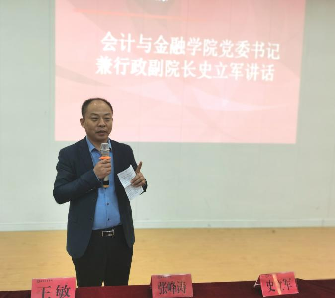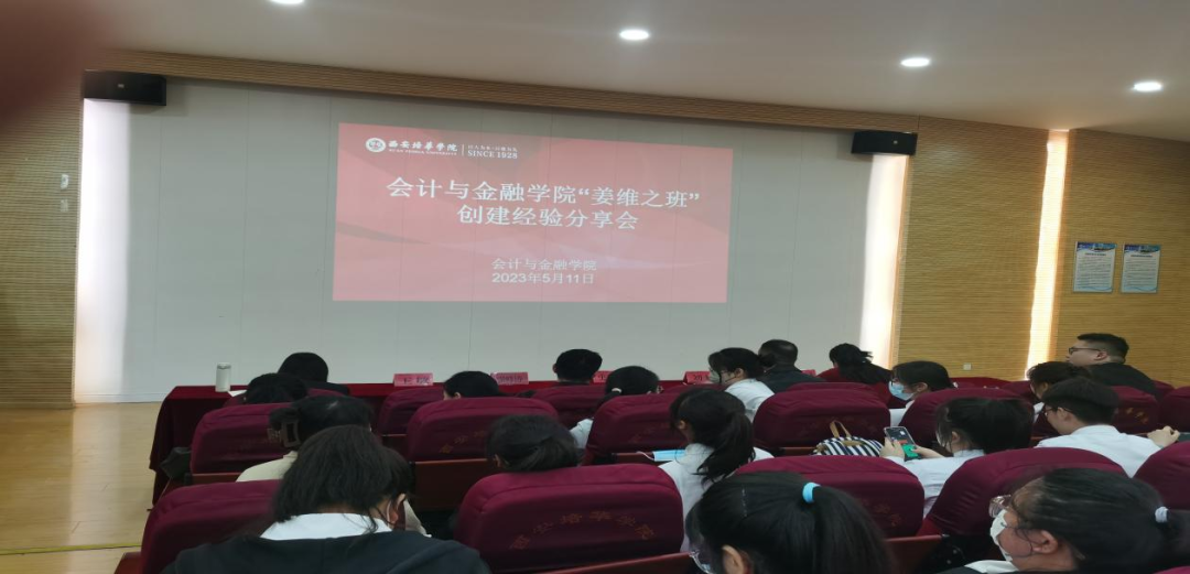 为深化五育并举,持续推进姜维之班创建进程,继“姜维之班”创建思想大讨论后,会计与金融学院于2023年5月11日12时在J202举行了2021-2022学年“姜维之班”创建经验分享会。本次经验分享会由学生干事王婷老师主持,参与本次大会的人员有,会计与金融学院党委书记兼行政副院长史立军,党委副书记刘斌,学生干事及相关创建班级辅导员和创建班级全体同学。
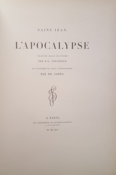 de l'imprimerie de Jacques Haumont 1945 A Paris, de l'imprimerie de Jacques Haumont 1945. Grand in-folio carré en feuillets sous couverture rempliée de 58 pages + 20 lithographies originales hors-texte d'Edouard Goerg. Traduite selon le rythme par P. L. Couchoud. Tirage limité numéroté à 198 exemplaires. Celui-ci, 1 des 118 exemplaires sur vélin d'Arches numérotés de 41 à 158 et portant le n° 70. Rares rousseurs en bord de couverture et sur les tranches, sinon très bon état.
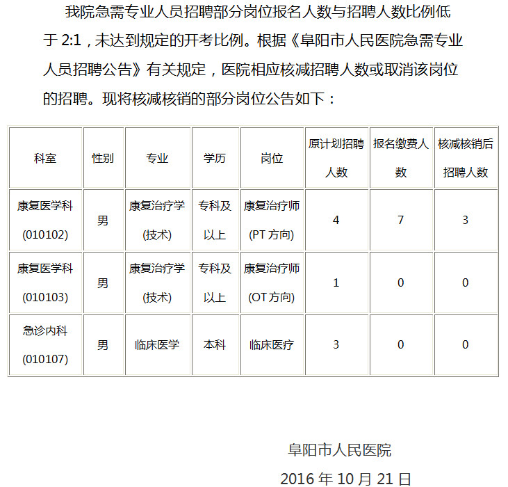 2016安徽阜陽市人民醫(yī)院急需專業(yè)人員招聘核減核銷崗位公告
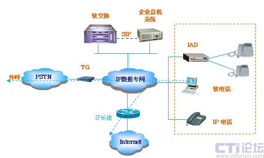 終端可以通過IAD將普通電話接入,可以是IP電話,還可以是軟電話。軟終端尤其適合出差在外的人員,只要電腦聯(lián)網(wǎng)即可撥打所需電話,通話資費(fèi)均為0。
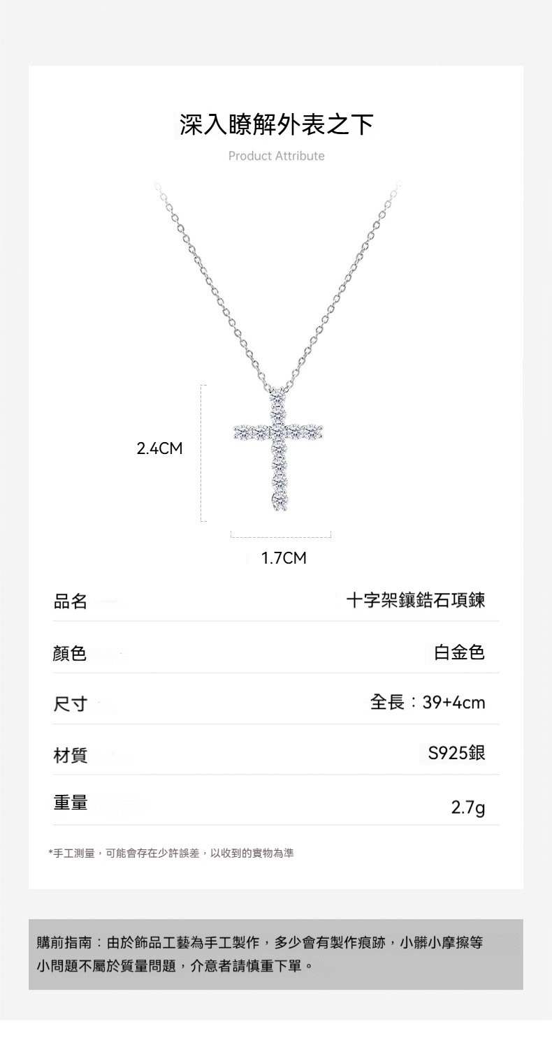 👜商品尺吋:十字架-長2.4公分*寬1.7公分,鏈長39公分,延長鏈4公分
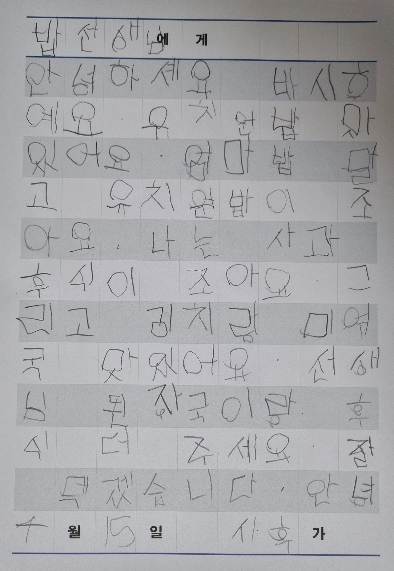 밥 선생님께 편지를 쓰고 싶단다.
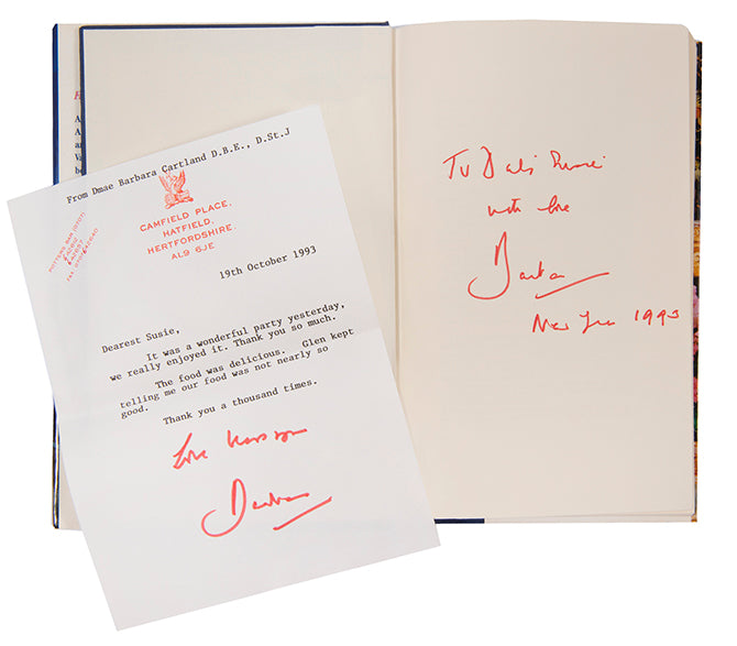 Presentation copy. First edition inscribed by the author to her neighbour Susie Walduck in red ink on front free endpaper, 'To darling Susie / with love / Barbara / New Year 1993'. Together with a typed letter signed on Cartland's stationery, thanking Walduck for a party they attended.
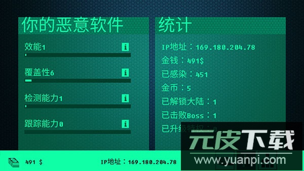 3、游戏左上角可花费金币更换当前的IP地址,以避免被监管机构发现;右下角则分别展示新闻、信息和升级选项。
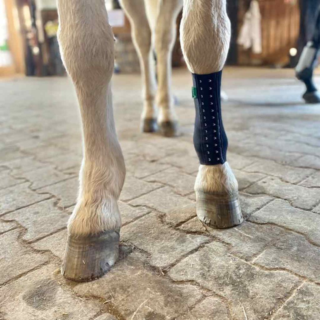 Im Februar 2020 hat sich mein Sportpartner Milan das Griffelbein gebrochen, nach der Operation hatten wir mit starken postoperativen Schwellungen zu kämpfen. Gerade in dem Bereich um die Narbe herum war das Gewebe schwach und anfänglich nicht dazu in der Lage angestaute Flüssigkeiten abzutransportieren. Nach Absprache mit unseren Tierärzten haben wir uns für eine Behandlung mit den Kompressionsbandagen von EquiCrown (auch bekannt als Stützstrümpfe für Pferde) entschieden. Sechs Monate nach dem Bruch ist Milans Bein wieder so definiert wie vorher und wir haben keine Probleme mehr mit angestauter Flüssigkeit.
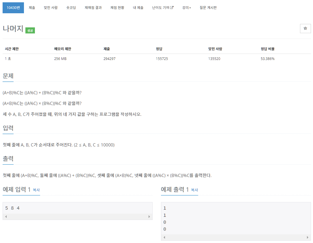 1단계 입출력과 사칙연산의 9단계 10430번 문제입니다
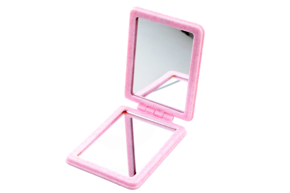 S rozměry cca 6 × 8 × 1 cm a lehkým plastovým provedením je zrcátko ideální do kabelky, batohu i kapsy – vždy po ruce pro rychlé úpravy.
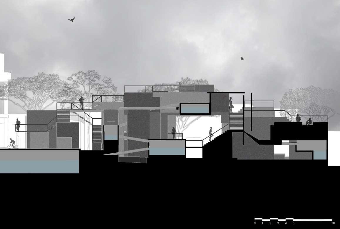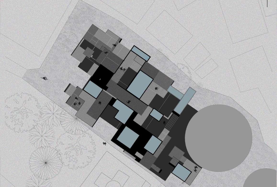 Builtform follows the Ground modulation as well as terraces at different levels acts as interactive spaces
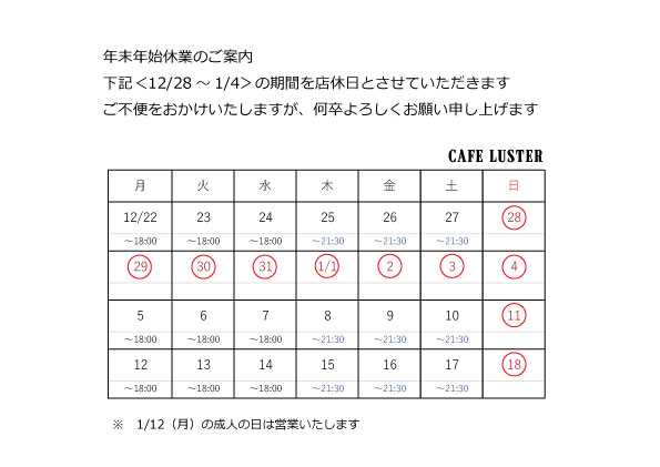 年末年始休業日のご案内
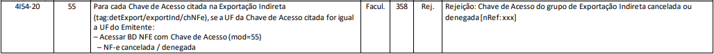 Rejeição 358: Chave de Acesso do grupo de Exportação Indireta cancelada ou denegada (NF-e)
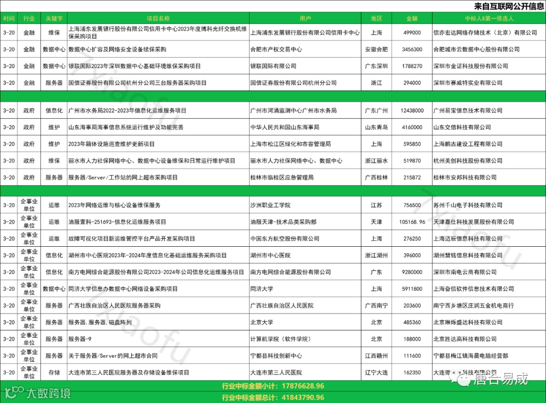 数据中心、信息化、维护、维保、运维中标信息
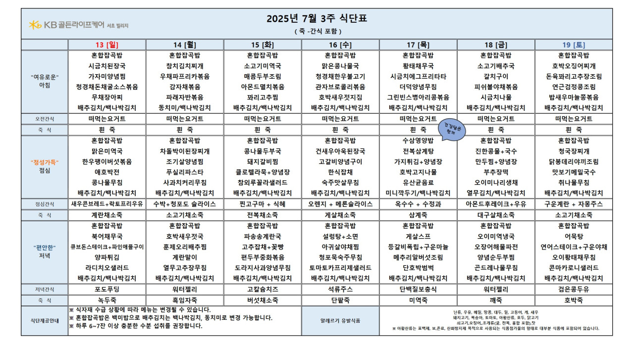 서초빌리지 서초 빌리지 2025년 7월 3주차 식단표
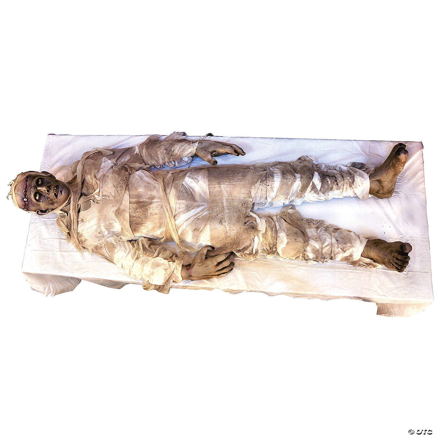 A great addition to your haunt! Works well with many mummy or lab scenes. Includes: Full size monster shakes as he ft.comes alive ft.! All electric and constructed of latex and foam with a metal armature and motor. Head and arms can be bent into position. Soundtrack CD included. Customer supplies the table (or floor) and CD player.

• **Work to be completed**: I'd like the material duplicated exactly, without its pictures.

• **Answer area**:
 为深化五育并举,持续推进姜维之班创建进程,继“姜维之班”创建思想大讨论后,会计与金融学院于2023年5月11日12时在J202举行了2021-2022学年“姜维之班”创建经验分享会。本次经验分享会由学生干事王婷老师主持,参与本次大会的人员有,会计与金融学院党委书记兼行政副院长史立军,党委副书记刘斌,学生干事及相关创建班级辅导员和创建班级全体同学。
 de l'imprimerie de Jacques Haumont 1945 A Paris, de l'imprimerie de Jacques Haumont 1945. Grand in-folio carré en feuillets sous couverture rempliée de 58 pages + 20 lithographies originales hors-texte d'Edouard Goerg. Traduite selon le rythme par P. L. Couchoud. Tirage limité numéroté à 198 exemplaires. Celui-ci, 1 des 118 exemplaires sur vélin d'Arches numérotés de 41 à 158 et portant le n° 70. Rares rousseurs en bord de couverture et sur les tranches, sinon très bon état.
 2016安徽阜陽市人民醫(yī)院急需專業(yè)人員招聘核減核銷崗位公告
 終端可以通過IAD將普通電話接入,可以是IP電話,還可以是軟電話。軟終端尤其適合出差在外的人員,只要電腦聯(lián)網(wǎng)即可撥打所需電話,通話資費(fèi)均為0。
 👜商品尺吋:十字架-長2.4公分*寬1.7公分,鏈長39公分,延長鏈4公分
 밥 선생님께 편지를 쓰고 싶단다.
 Presentation copy. First edition inscribed by the author to her neighbour Susie Walduck in red ink on front free endpaper, 'To darling Susie / with love / Barbara / New Year 1993'. Together with a typed letter signed on Cartland's stationery, thanking Walduck for a party they attended.
 3、游戏左上角可花费金币更换当前的IP地址,以避免被监管机构发现;右下角则分别展示新闻、信息和升级选项。
 Im Februar 2020 hat sich mein Sportpartner Milan das Griffelbein gebrochen, nach der Operation hatten wir mit starken postoperativen Schwellungen zu kämpfen. Gerade in dem Bereich um die Narbe herum war das Gewebe schwach und anfänglich nicht dazu in der Lage angestaute Flüssigkeiten abzutransportieren. Nach Absprache mit unseren Tierärzten haben wir uns für eine Behandlung mit den Kompressionsbandagen von EquiCrown (auch bekannt als Stützstrümpfe für Pferde) entschieden. Sechs Monate nach dem Bruch ist Milans Bein wieder so definiert wie vorher und wir haben keine Probleme mehr mit angestauter Flüssigkeit.
 1단계 입출력과 사칙연산의 9단계 10430번 문제입니다
 S rozměry cca 6 × 8 × 1 cm a lehkým plastovým provedením je zrcátko ideální do kabelky, batohu i kapsy – vždy po ruce pro rychlé úpravy.
 Builtform follows the Ground modulation as well as terraces at different levels acts as interactive spaces
 年末年始休業日のご案内
 Rejeição 358: Chave de Acesso do grupo de Exportação Indireta cancelada ou denegada (NF-e)
 数据中心、信息化、维护、维保、运维中标信息
 서초빌리지 서초 빌리지 2025년 7월 3주차 식단표
 A great addition to your haunt! Works well with many mummy or lab scenes. Includes: Full size monster shakes as he ft.comes alive ft.! All electric and constructed of latex and foam with a metal armature and motor. Head and arms can be bent into position. Soundtrack CD included. Customer supplies the table (or floor) and CD player.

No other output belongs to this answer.